Key Stage One Cooking and Nutrition Content Coverage:

 

As part of their work with food, pupils should be taught how to cook and apply the principles of nutrition and healthy eating. Instilling a love of cooking in pupils will also open a door to one of the great expressions of human creativity. Learning how to cook is a crucial life skill that enables pupils to feed themselves and others affordably and well, now and in later life.

 

Pupils should be taught to:

  • use the basic principles of a healthy and varied diet to prepare dishes
  • understand where food comes from.

Key Stage Two DT Content Coverage:

 

In Key stage Two, through a variety of creative and practical activities, pupils should be taught the knowledge, understanding and skills needed to engage in an iterative process of designing and making. They should work in a range of relevant contexts, for example, the home, school, leisure, culture, enterprise, industry and the wider environment. When designing and making, pupils should be taught to:

 

Design

  • use research and develop design criteria to inform the design of innovative, functional, appealing products that are fit for purpose, aimed at particular individuals or groups
  • generate, develop, model and communicate their ideas through discussion, annotated sketches, cross-sectional and exploded diagrams, prototypes, pattern pieces and computer-aided design

Make

  • select from and use a wider range of tools and equipment to perform practical tasks, such as cutting, shaping, joining and finishing, accurately
  • select from and use a wider range of materials and components, including construction materials, textiles and ingredients, according to their functional properties and aesthetic qualities

Evaluate

  • investigate and analyse a range of existing products
  • evaluate their ideas and products against their own design criteria and consider the views of others to improve their work
  • understand how key events and individuals in design and technology have helped shape the world

Technical knowledge

  • apply their understanding of how to strengthen, stiffen and reinforce more complex structures
  • understand and use mechanical systems in their products, (for example as gears, pulleys, cams, levers and linkages)
  • understand and use electrical systems in their products, (for example series circuits incorporating switches, bulbs, buzzers and motors)
  • apply their understanding of computing to programme, monitor and control their products.

 

Key Stage Two Cooking and Nutrition Content Coverage:

 

As part of their work with food, pupils should be taught how to cook and apply the principles of nutrition and healthy eating. Instilling a love of cooking in pupils will also open a door to one of the great expressions of human creativity.
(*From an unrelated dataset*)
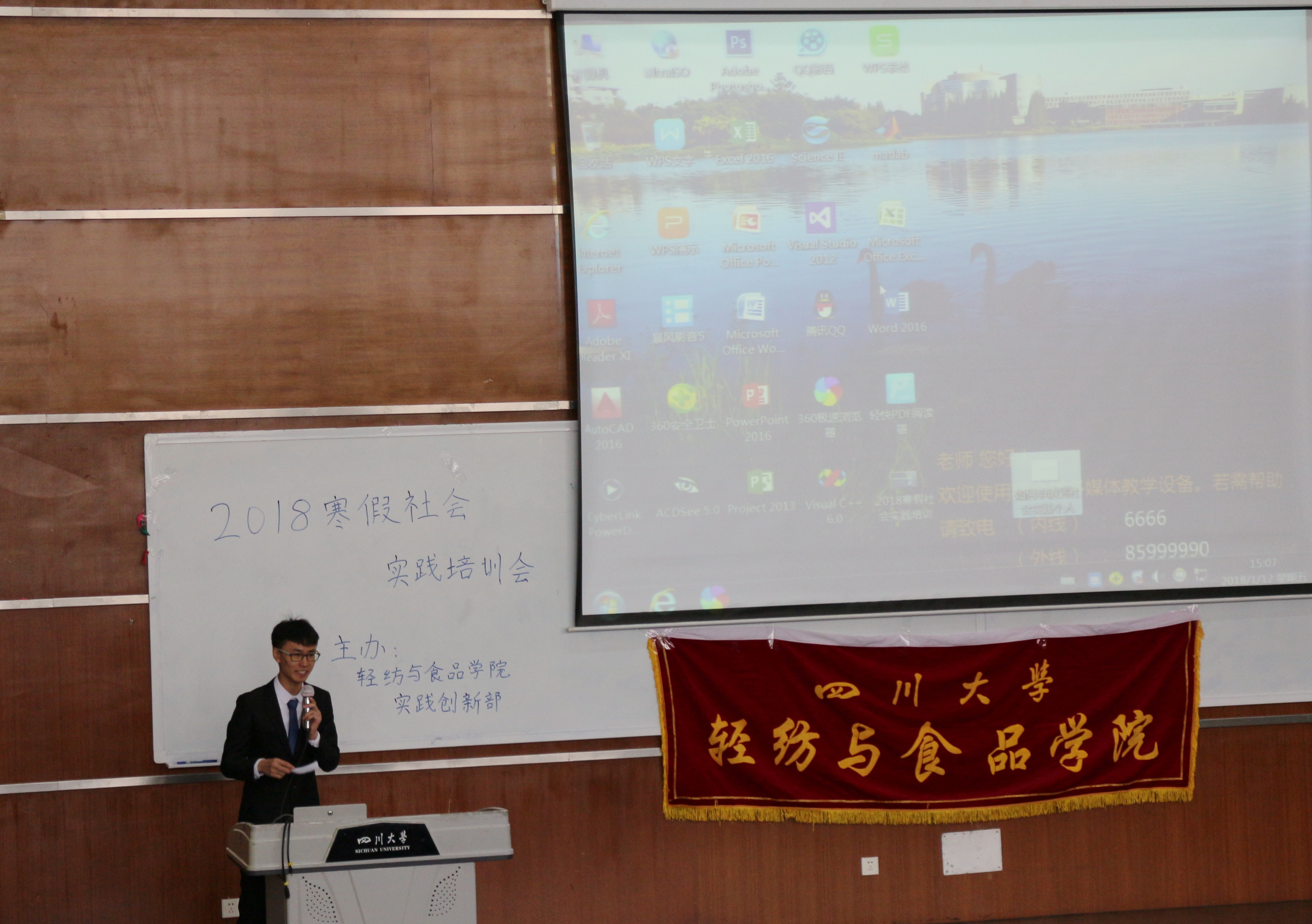 2018年1月12日下午15时,轻纺与食品学院2018年寒假社会实践行前培训会于江安综合楼C407顺利举行。bw必威西汉姆联官网2016级辅导员王舒灏老师,2017级辅导员向星烨、李杨老师,学院团委学生会部分学生干部,过往优秀实践团队代表以及参加本次实践的团队成员参加了此次会议。
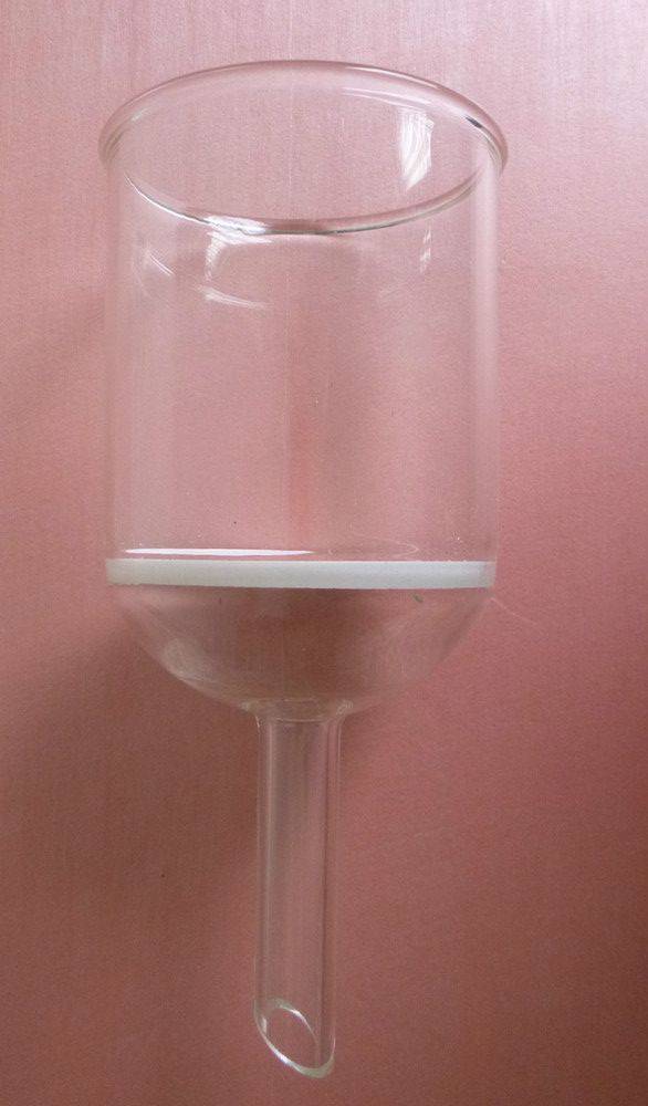Воронка фильтровальная лабораторная (Шотта), диаметр 90 мм, пор. 250 мкм, без шлифа - специальный элемент лабораторный посуды, используемый для вакуумного фильтрования химически активных жидкостей, а также для их очистки от взвешенных примесей . Наличие впаянного в корпус воронки стеклянного фильтра из спечённого стекла позволяет не использовать в процессе фильтрации беззольные фильтры. Кроме того, материал изготовления воронки - лабораторное термостойкое стекло позволяет фильтровать особо агрессивные концентрированные вещества без взаимодействия с ними. Помимо применения в химии воронку очень удобно использовать для фильтрации браги или уже готового продукта в процессе его очистки углем. В зависимости от фракции взвешенных в напитке частиц можно выбрать воронку с более или менее крупными порами.

Learning how to cook is a crucial life skill that enables pupils to feed themselves and others affordably and well, now and in later life.

 

Pupils should be taught to:

  • understand and apply the principles of a healthy and varied diet
  • prepare and cook a variety of predominantly savoury dishes using a range of cooking techniques
  • understand seasonality, and know where and how a variety of ingredients are grown, reared, caught and processed.